Ankit Tyagi says the team is continually working to improve in order to place in the top five again next year. (PHOTO CREDIT: SBU SOLAR BOAT TEAM)
Ankit Tyagi says the team is continually working to improve in order to place in the top five again next year. (PHOTO CREDIT: SBU SOLAR BOAT TEAM)

Stony Brook’s Solar Boat Team placed fifth and won the most improved team award at this year’s Institute of Electrical and Electronics Engineers Solar Splash Competition in Cedar Falls, Iowa.

“I think that being recognized as most improved team doesn’t really stop us from improving,” senior mechanical engineering major Ankit Tyagi, president of the Solar Boat Team, said. “This is because we already know that there are a few things in the boat that we want to improve so we can be in the top five again next year.”

The Solar Boat Team is a “College of Engineering and Applied Sciences-based club,” founded in 1994, “that works together to design, build, test, and compete a solar-powered race boat,” as described by the Stony Brook Website.

According to the Solar Boat Team’s website, they accredit this year’s success to “improved drivetrain, solar panels, and the electrical system of the boat, improving endurance and speed.”

Last year, they competed with a redesigned carbon fiber boat, which was 30 pounds and approximately 90 percent lighter than the 2010 hull.

“The boat was handmade with a carbon fiber hull,” David Westerfeld, Adjunct Professor in the Department of Electrical Computer Engineering and supporter of the team. “It was a design that was made last year for the first time and it did very well.”

This year, they used this carbon fiber idea and improved it into a winning design.
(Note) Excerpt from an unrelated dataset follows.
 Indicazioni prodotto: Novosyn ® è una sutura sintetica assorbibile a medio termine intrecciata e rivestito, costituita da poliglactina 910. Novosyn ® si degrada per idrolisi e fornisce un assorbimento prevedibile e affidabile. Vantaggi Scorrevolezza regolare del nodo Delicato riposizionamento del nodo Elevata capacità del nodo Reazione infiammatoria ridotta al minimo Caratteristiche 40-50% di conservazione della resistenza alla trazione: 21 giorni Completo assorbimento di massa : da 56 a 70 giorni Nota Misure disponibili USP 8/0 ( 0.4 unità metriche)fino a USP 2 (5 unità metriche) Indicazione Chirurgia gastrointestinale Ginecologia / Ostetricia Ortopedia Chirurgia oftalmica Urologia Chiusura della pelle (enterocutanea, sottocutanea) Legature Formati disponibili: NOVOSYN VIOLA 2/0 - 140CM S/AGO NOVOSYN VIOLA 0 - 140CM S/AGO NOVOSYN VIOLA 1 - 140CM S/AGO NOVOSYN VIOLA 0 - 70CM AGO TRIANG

They used the carbon fiber and made it into a mold, which took three months to make.

“We learned a lot of new techniques as opposed to last year where we were just trying out new things,” Tyagi said.  “We were thinking about making a new hull this year by making a new design. We are also looking to make our own solar panel.”

When it comes to the competition the only “big rule” according to Westerfeld is “that you have to use solar cells to charge the boat.”
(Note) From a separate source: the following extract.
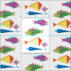 Niedliche Fischkunst in hellblauen, rosa, orangefarbenen Tönen und lila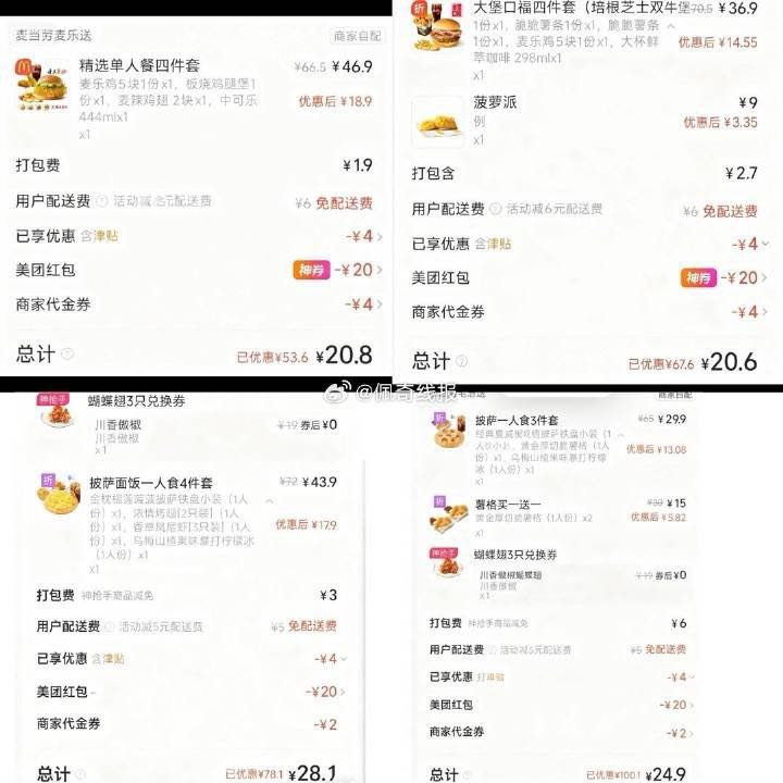 3️⃣麦当劳等津贴且免配送费

From there, the boat’s overall score is totaled from their performance in a slalom course, where the team placed third, endurance and sprint challenges, and a qualifying round, where they placed second.

Other factors that go into the score are a technical report, visual presentation and boat design.
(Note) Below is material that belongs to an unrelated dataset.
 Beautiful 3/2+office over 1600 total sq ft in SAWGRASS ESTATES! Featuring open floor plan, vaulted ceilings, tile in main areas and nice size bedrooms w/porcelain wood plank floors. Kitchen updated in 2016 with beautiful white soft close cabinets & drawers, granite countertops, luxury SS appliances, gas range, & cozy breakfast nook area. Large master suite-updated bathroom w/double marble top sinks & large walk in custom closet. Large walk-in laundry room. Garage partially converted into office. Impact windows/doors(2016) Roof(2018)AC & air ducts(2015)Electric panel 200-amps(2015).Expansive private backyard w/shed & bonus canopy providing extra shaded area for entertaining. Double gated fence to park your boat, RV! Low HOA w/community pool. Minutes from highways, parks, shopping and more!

The competition usually is over a five-day period, but this year due to heavy thunderstorms and tornadoes the team only got to compete three days.

This year the team also had the opportunity to test their boat on Lake Ronkonkoma before the competition and make improvements, which is a rarity due to usual incompleteness of the boat in advance of the race.

Each fall the team starts working on the boat after they receive funding from industry supporters like the College of Engineering and the Department of Mechanical Engineering.

“At Stony Brook we have always done it differently,” Westerfeld said. “We always have a very passionate bunch of people working on [the boats] and each year the teams come up with the designs together.”

As the fall semester commences, the club is hoping to recruit new members, whether they are engineering majors or not, to help with designs and building.